The Association for Africanist Anthropology (AfAA) is honored to announce that Louisa Lombard will deliver the AfAA Distinguished Lecture during the AfAA Business Meeting (on Friday evening, November 21) at the 2025 AAA Annual Meeting, held in New Orleans, Louisiana, from November 19–23, 2025.

Lecture Title:
Studying Soldiers: From Military Rule to Cosmopolitan Careers

“Many anthropologists have studied African rebels. Fewer have studied African soldiers. There are understandable reasons, both practical and ideological, for that discrepancy. It is nonetheless time to turn to soldiers. Across a broad swathe of West Africa and the Sahel, soldiers rule. Elsewhere on the continent, soldiers are deployed domestically, often far from their homes and increasingly alongside soldiers from neighboring countries, as is the case in Mozambique’s northernmost Cabo Delgado prefecture, where Mozambican soldiers from the south are stationed alongside thousands of Rwandan soldiers engaged in counterinsurgency operations. One common anthropological approach to militaries has been to critique soldiers’ effects, both on society and on people working in military institutions. In this talk, I draw on my research with Rwandan soldiers to make the case for alternative approaches. Militaries, I argue, are as cultural as any other social institution. While in recent Euro/American history a sharp divide has emerged between the military and everyone else, that is not the case in most African settings, and there is more to learn about the varied cultures of the laws of war. Soldiering has become an unexpected vector for middle-class life and cosmopolitanism, given that many African soldiers repeatedly serve abroad, often as peacekeepers, and become involved with people in the places where they deploy. Soldiers can also be hugely destructive. Their social effects are varied, and even contradictory, and, I argue, expanding – and not just in Africa”
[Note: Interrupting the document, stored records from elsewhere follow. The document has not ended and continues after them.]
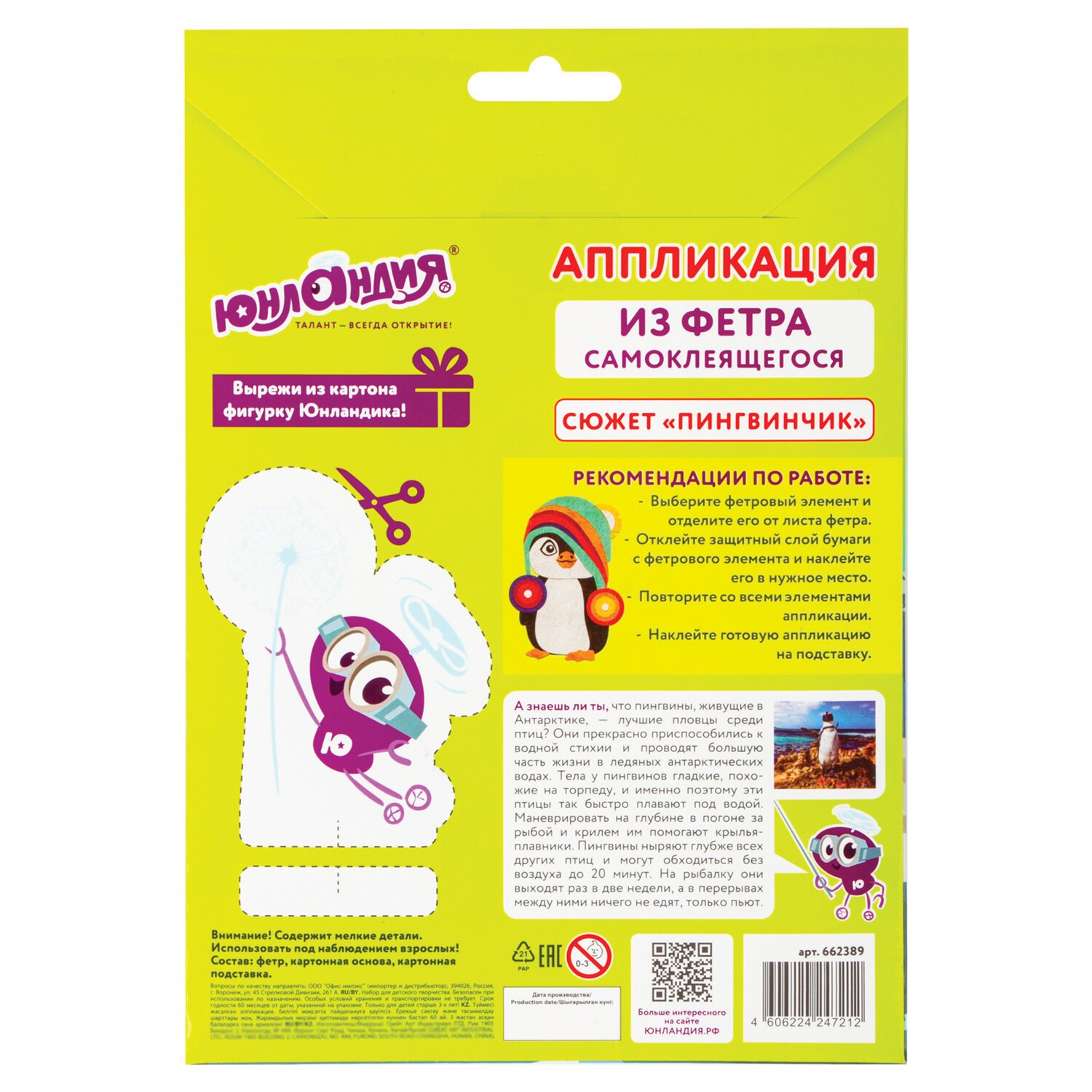 В набор входит яркая картонная основа в форме пингвина размером не более 20х15 см с напечатанным дизайном аппликации, разработанным дизайнерами ЮНЛАНДИЯ специально для детей, а также 8 листов фетра разных цветов. Фетровые элементы аппликации перфорированы и имеют клеевой слой, что позволяет создать аппликацию без клея и ножниц. Также в набор входит картонная подставка с клеевым слоем, на которую можно установить готовую аппликацию.
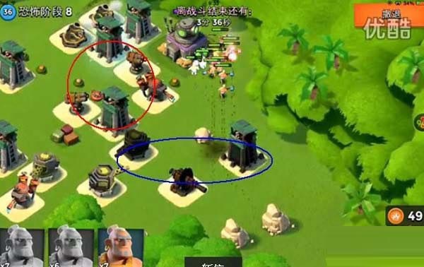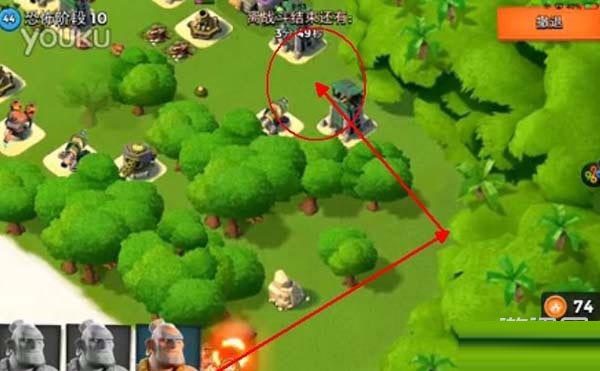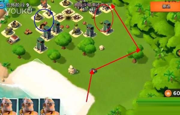 先用炮弹将蓝圈德个地雷炸掉,然后直接去打红圈里面的防御建筑,在红圈放冰冻弹,然后按照路线将下面一个建筑也打掉,打掉2个防御之后,引导到大本营,不用管下面的喷火器!
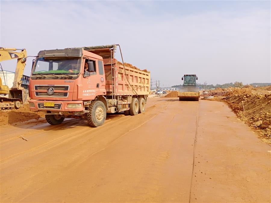 在白露村周邊支路路網(wǎng)工程-4標段(規(guī)劃路8)項目施工現(xiàn)場,挖掘機、土方運輸車、壓路機等工程機械在工地上連續(xù)運轉(zhuǎn)。工作人員加班加點作業(yè),充分利用施工黃金季節(jié),全面推進項目建設。
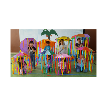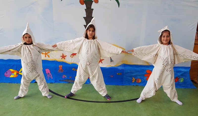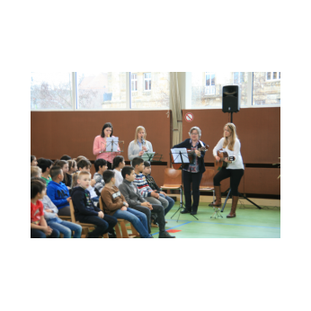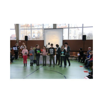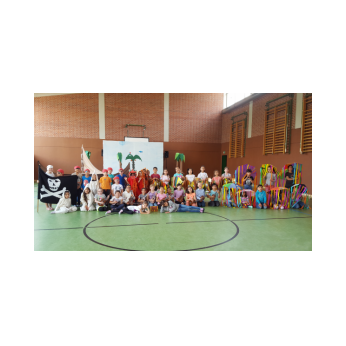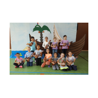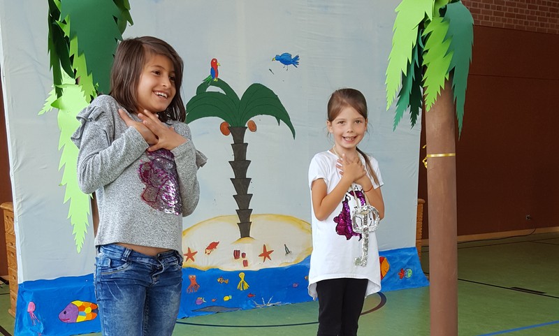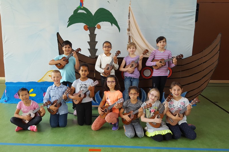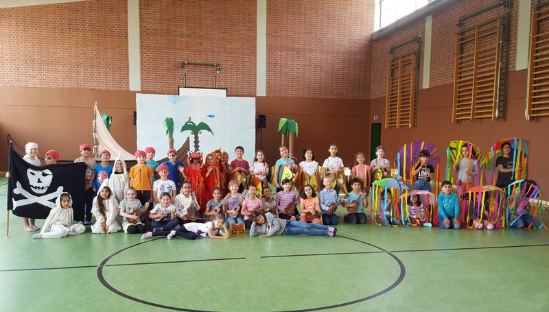 Aufregung und Lampenfieber lagen in der Luft, als eine Horde wilder Piraten mit ihrem Piratenschiff Eltern, Geschwister, Lehrer und Freunde der Friederich-Rückert-Schule im Eingangsbereich der Turnhalle begrüßten. Eingeladen hatten die beiden Ganztagsklassen 1c und 2b mit ihren Klassenlehrerinnen Frau Claudia Martin und Frau Corinna Merkl zusammen mit Frau Carmen Thiergärtner von der Musikschule Schweinfurt zu einem selbstgeschriebenen Kindermusical mit dem Titel „Das rote Ungeheuer sucht den Schatz“. In seiner kurzen Ansprache begrüßte Schulleiter Günther Leo Redolfi unter den zahlreichen Gästen die beiden Leiter der Schweinfurter Musikschule Frau Andrea Schärringer und Herrn Thomas Barisch besonders herzlich, da ohne die jahrelange gute Zusammenarbeit dieses Musical gar nicht möglich gewesen wäre. Seit Beginn des Schuljahres erhielten die Kinder der beiden Ganztagsklassen wöchentlich einmal Ukulelenunterricht. Um das Erlernte auch richtig in „Szene“ zu setzen, machten sich die drei Lehrerinnen an das Projekt „Kinder-Musical“: über mehrere Monate hinweg wurde geplant, gedichtet, vertont, gebastelt, gehämmert, genäht und ganz viel mit den Kindern geprobt! Nach den Begrüßungsworten nahmen die Piraten die Zuschauer mit auf ihre spannenden Abenteuer. Zwei Mädchen, Lola und Loline, wurden von dem roten Ungeheuer, das gerne den Glitzerschatz der beiden hätte, auf eine einsame Insel entführt. In ihrer Not werfen die beiden Mädchen eine Flaschenpost mit einem Hilferuf ins Meer, die von den Piraten herausgefischt wird. Aber da fangen die Probleme erst an, denn keiner der Piraten kann lesen. So werden verschiedene Meeresbewohner befragt: Seesterne, Quallen und Schüttelfische - aber keiner kann lesen! Außer einem - der letzte Schüttelfisch kann die Botschaft entschlüsseln und so finden die Piraten die Insel mit den beiden Entführten und den heiß ersehnten Glitzerschatz. Natürlich geraten sie dabei in Streit! Das rote Ungeheuer hatte gerade noch rechtzeitig einen Super-Tipp: Teilen, das ist wunderbar! Unter den Klängen des Abschlussliedes wurde jedem klar, Lesen können, ist wunderbar!

Louisa Lombard is a leading anthropologist whose work explores the dynamics of armed life in Central Africa. Her research brings ethnographic depth to the study of conflict, conservation, and governance, with a focus on the lives and logics of soldiers, rebels, and anti-poaching guards. She is the author of State of Rebellion and Hunting Game, and currently serves as Associate Professor of Anthropology at Yale University. Learn more about her work.

This year’s AAA Annual Meeting theme, “Ghosts,” invites reflection on how the past haunts the present. Lombard’s lecture will offer a powerful engagement with this theme through the lens of militarized life and the spectral traces of violence, memory, and statecraft.

We warmly invite all AfAA members and conference attendees to join us for this event.